Una opción común: aprovechar para viajar
Tomarse un año sabático para viajar suele ser lo más corriente. Como otros de nuestros entrevistados, José Fernando Ramírez decidió marcharse en un contexto de crisis económica: en 2010, “con las primaveras árabes de fondo y un descontento grandísimo en nuestro país”, casi todos los que tenían la edad de José Fernando -recién licenciados con 23 o 24 años- lo veían todo muy negro: “perdían sus trabajos y solo veían salida en el extranjero, donde no aspiraban a conseguir un buen trabajo, pero sí algo con lo que ganar un dinero y aprender idiomas”.
A finales de año concluía una beca de prácticas y se quedaba sin nada; no obstante, le prometieron prolongarla durante seis meses más, eso sí, al cabo de un año. “No veía otra opción mejor que aceptarlo, pero mientras esperaba no quería estar quieto”, relata. Con lo que tenía ahorrado esbozó un plan de viaje que le permitiese “ir enlazando países” y encontró una beca que le costeó un curso de idiomas y varios meses de alojamiento en Corea del Sur.
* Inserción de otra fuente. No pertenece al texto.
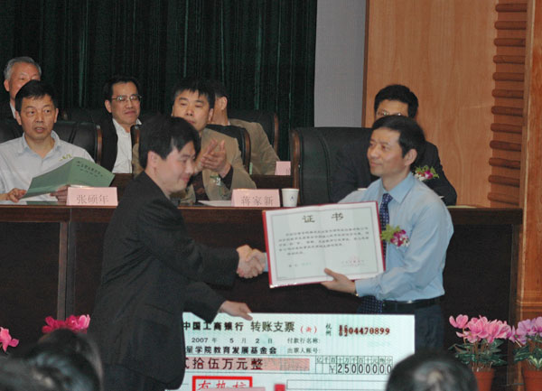 五月的杭州,春光明媚,气象万千。5月2日,这是我校历史上一个具有纪念意义的日子,来自全国各地的校友代表与在校师生欢聚一堂,共同见证中国我院学院校友总会的成立。 上午十点,中国我院学院校友总会成立大会在闻厅二楼会议室隆重召开。学校现任党政领导和老领导出席大会,浙江省质量技术监督局副局长唐全东等领导和来宾在主席台就座。各二级学院、机关职能部门领导,地方校友会代表、校友代表、历届留校工作同学,及我校部分师生代表参加了成立大会。会议由副校长冯时林主持。 校党委书记姚盛德在会上作了热情洋溢的讲话。他指出,校友是学校发展最宝贵的资源和最大财富之一,是学校发展可以信赖与依靠的重要力量。中国我院学院校友总会的成立,对增进广大校友对母校的了解,增强学校的凝聚力,推进学校事业的跨越式发展将会起到重要的作用。他真诚希望校友总会能充分发挥桥梁和纽带作用,为加强广大校友和学校的沟通与交流建立起一个良好的互动平台。他真诚希望广大校友发挥各自的优势,加强与母校在人才培养、科学研究等领域的交流与合作,进一步增强学校的辐射力和影响力,为学校提升实力、拓宽发展空间提供大力的支持,为实现中国我院学院创建国内知名的教学研究型大学的目标而坚持不懈地奋斗。 校长林建忠从学校沿革、学校特色、校园文化、院系布局、学生概况、师资队伍、办学平台、学科建设、教学亮点、科研亮点、国际交流、发展目标等方面为大家详细介绍了学校发展的概况。 浙江省质量技术监督局副局长唐全东在会上致辞。他代表浙江省质量技术监督局向校友总会的成立表示热烈的祝贺,并祝愿大会圆满成功,祝中国我院学院的明天更加美好。 会议鼓掌通过了校友总会正、副会长,名誉正、副会长,顾问和秘书长人选名单;鼓掌通过了校友总会章程和教育发展基金会章程,并举行了现场捐赠仪式。 学校84级首届毕业生校友代表、杭州富乐顿热能设备有限公司副总经理潘建峰先生、巨采(香港)有限公司代表方良刚先生、中程科技有限公司总经理姜东先生为教育发展基金会捐赠共计110万元。姚盛德书记和林建忠校长分别为捐赠单位颁发了证书。 捐赠单位代表中程科技有限公司总经理姜东先生,地方校友会代表、河南校友会秘书长邹晓华,校友代表首任学生会主席、南通市质监局副局长柴志强,学生代表、校学生会主席谷炳辉分别在大会发言。

Pero antes de eso estuvo haciendo un voluntariado de dos meses “en un proyecto sostenible en una de las zonas más pobres de Alemania (Mecklemburgo-Pomerania)”.
Una vez en Asia, y gracias a un trabajo como profesor de español a 15 euros la hora (impensable en España en esas fechas), viajó a Filipinas y encontró “un proyecto de voluntariado en una escuela de clases particulares para niños en una pequeña ciudad a una hora de Tai-Pei, capital de Taiwán”. En su retorno a la vieja Europa, asistió a un taller de jóvenes periodistas en Berlín, que después le llevaría a participar en otro “mucho más potente en el Parlamento Europeo de Bruselas meses después”.
Hoy, dice, “no sería la misma persona” sin “ese año de pausa”. “Creo que lo importante fue encontrar la motivación para enfrentarme ante adversidades que antes me daban mucho respeto, como cuidar niños, trabajar en el campo, perder el temor a hablar durante semanas en otro idioma con profesionales de tu mismo ámbito, perder trenes en mitad de la noche sin tener manera de volver a tu alojamiento… Puedo decir con orgullo que cualquier situación a la que me enfrento hoy en día y solvento o supero con éxito se debe, con mucha probabilidad, a alguna de las vivencias de aquel año”, reflexiona.
Manuela Olaya era aún más joven cuando decidió parar, detenerse para salir volando. Acababa de terminar bachillerato cuando se fue a Australia, en 2017. Las Navidades anteriores había estado en Colombia, su país de origen, donde coincidió con una prima a la que hacía años que no veía. La animó para que fuese a vivir con ella y su familia unos meses a Australia, y ella no se lo pensó dos veces. Tras una época difícil, decidió que irse sola “a no sé cuantos mil kilómetros” iban a obligarla a cambiar, a tomar espacio y a construirse “un poquito más cómo persona”, así cómo a descubrir realmente qué le gustaba, qué quería estudiar.
Vivió con su prima los tres primeros meses y después se mudó con una amiga que hizo allí, que “se ha convertido en una hermana”. Estuvo trabajando como niñera, pero sobre todo aprovechó para formarse sin presiones ni directrices: “un curso de edición de vídeo, un curso de grabado, un curso de tinta y acuarela, otro de dibujo de modelos desnudos al natural, uno de técnicas de dibujo, uno de graffiti” y “varios días de voluntariado de biología marina en la isla de North Stradbroke Island con la Universidad de Queensland”, aunque confiesa que los tres primeros meses, desubicada y acostumbrada a tenerlo todo marcado, sentía que no aprovechaba el tiempo y se desanimaba. El resto del año lo pasó en Málaga con su familia y amigos. Resultado: aprendió “a ser más independiente y menos cobarde” y le sirvió para relajarse “un poco más y entender que en la vida no hay que ser tan serio, no hay que ser siempre correcto”.
Una puede (quizás debe) parar un poco.